= The Nature and Purpose of the Universe =

The Nature and Purpose of the Universe is a play written by Christopher Durang, first produced in 1975 at Direct Theatre directed by Allen B. Belknap. The cast featured Justin Rashid, Lynnie Godfrey, James Nesbit Clark, Anne DeSalvo, David Wilborn, Nick Hardin Mariano and Lars Kampmann. The work is an absurdist comedy concerning the irony of Catholic dogma, a theme visited in other Durang plays, including Sister Mary Ignatius Explains It All For You, Laughing Wild, and The Marriage of Bette and Boo. Nature and Purpose deals primarily with an unhappy housewife's religious faith being tested by nightmarish circumstances which church dogma teaches she must willingly endure.

==Productions==
The Nature and Purpose of the Universe was produced by the Direct Theatre at the Wonder Horse Theatre, New York, on February 21, 1979. Directed by Allen B. Belknap, the cast featured Ellen Greene as Eleanor Mann, Tom Bade as Steve Mann, Ethan Phillips as Donald Mann, Chris Ceraso as Gary Mann, and Eric Weitz as Andy Mann.

== Plot ==
Two "agents of God" explain the nature and purpose of the universe to the audience, using the Mann family of suburban New Jersey for illustration. At the center of the story is Eleanor, a sweet, sad housewife horribly treated by her husband Steve and most every other character in the play, most of whom are actually the "agents of God" in disguise. Eleanor's oldest son Donald is a drug addict, a dealer, and a pimp, middle son Gary an angry homosexual, and youngest son Andy has lost his penis in a reaper accident.

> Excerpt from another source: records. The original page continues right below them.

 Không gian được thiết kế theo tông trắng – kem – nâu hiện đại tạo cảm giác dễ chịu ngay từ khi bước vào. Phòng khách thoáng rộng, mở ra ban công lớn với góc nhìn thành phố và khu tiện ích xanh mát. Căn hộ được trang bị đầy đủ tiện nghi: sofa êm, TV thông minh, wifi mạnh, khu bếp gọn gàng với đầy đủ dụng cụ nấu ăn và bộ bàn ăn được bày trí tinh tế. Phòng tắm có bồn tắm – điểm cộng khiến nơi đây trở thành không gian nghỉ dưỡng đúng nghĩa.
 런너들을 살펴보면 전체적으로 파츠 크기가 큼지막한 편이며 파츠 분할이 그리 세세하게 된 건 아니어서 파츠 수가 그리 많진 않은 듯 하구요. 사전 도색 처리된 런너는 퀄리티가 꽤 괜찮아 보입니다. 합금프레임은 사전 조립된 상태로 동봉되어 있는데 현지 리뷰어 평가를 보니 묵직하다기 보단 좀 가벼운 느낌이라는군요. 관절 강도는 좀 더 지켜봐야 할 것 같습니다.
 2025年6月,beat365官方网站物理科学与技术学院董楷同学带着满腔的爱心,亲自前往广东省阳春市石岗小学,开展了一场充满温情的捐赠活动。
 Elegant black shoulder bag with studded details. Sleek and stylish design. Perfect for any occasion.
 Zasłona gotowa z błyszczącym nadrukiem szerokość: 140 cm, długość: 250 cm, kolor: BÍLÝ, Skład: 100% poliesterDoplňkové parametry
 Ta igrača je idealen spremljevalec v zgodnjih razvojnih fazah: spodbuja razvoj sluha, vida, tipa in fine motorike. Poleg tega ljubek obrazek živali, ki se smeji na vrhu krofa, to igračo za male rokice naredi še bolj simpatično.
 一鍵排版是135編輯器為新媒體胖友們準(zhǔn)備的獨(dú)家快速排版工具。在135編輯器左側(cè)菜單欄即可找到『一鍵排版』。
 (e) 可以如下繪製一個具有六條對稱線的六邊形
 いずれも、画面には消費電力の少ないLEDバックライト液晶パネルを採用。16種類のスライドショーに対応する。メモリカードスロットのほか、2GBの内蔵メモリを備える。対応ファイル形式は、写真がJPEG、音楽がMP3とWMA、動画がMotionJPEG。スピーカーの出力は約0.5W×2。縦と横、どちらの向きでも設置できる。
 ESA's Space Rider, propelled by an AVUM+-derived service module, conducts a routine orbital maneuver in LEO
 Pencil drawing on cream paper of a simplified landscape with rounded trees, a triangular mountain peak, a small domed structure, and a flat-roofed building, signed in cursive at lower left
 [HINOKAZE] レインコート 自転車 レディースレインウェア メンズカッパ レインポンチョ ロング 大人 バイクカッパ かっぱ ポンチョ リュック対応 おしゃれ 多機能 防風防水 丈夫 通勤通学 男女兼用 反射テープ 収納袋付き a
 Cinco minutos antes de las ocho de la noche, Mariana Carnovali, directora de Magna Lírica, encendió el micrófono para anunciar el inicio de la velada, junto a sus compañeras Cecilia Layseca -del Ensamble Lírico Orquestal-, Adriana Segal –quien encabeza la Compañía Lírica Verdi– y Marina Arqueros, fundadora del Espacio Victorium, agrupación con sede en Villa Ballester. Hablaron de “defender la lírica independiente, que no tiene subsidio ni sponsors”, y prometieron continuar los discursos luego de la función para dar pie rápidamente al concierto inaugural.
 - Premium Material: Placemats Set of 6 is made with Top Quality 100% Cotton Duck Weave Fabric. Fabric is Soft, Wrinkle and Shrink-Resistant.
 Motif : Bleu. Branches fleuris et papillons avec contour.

When it seems to Eleanor that there isn't any hope for escape from her miserable existence, a door-to-door brush salesman professes his love for her and promises he'll return to carry her away forever; however, the salesman is actually one of the agents of God once again testing Eleanor's threshold for misery. After numerous trials and tribulations (including a sadistic rape) the revelation that the brush salesman was lying, and a Papal assassination, the family finds itself exiled in Iceland, where it appears Eleanor's nightmare will only continue.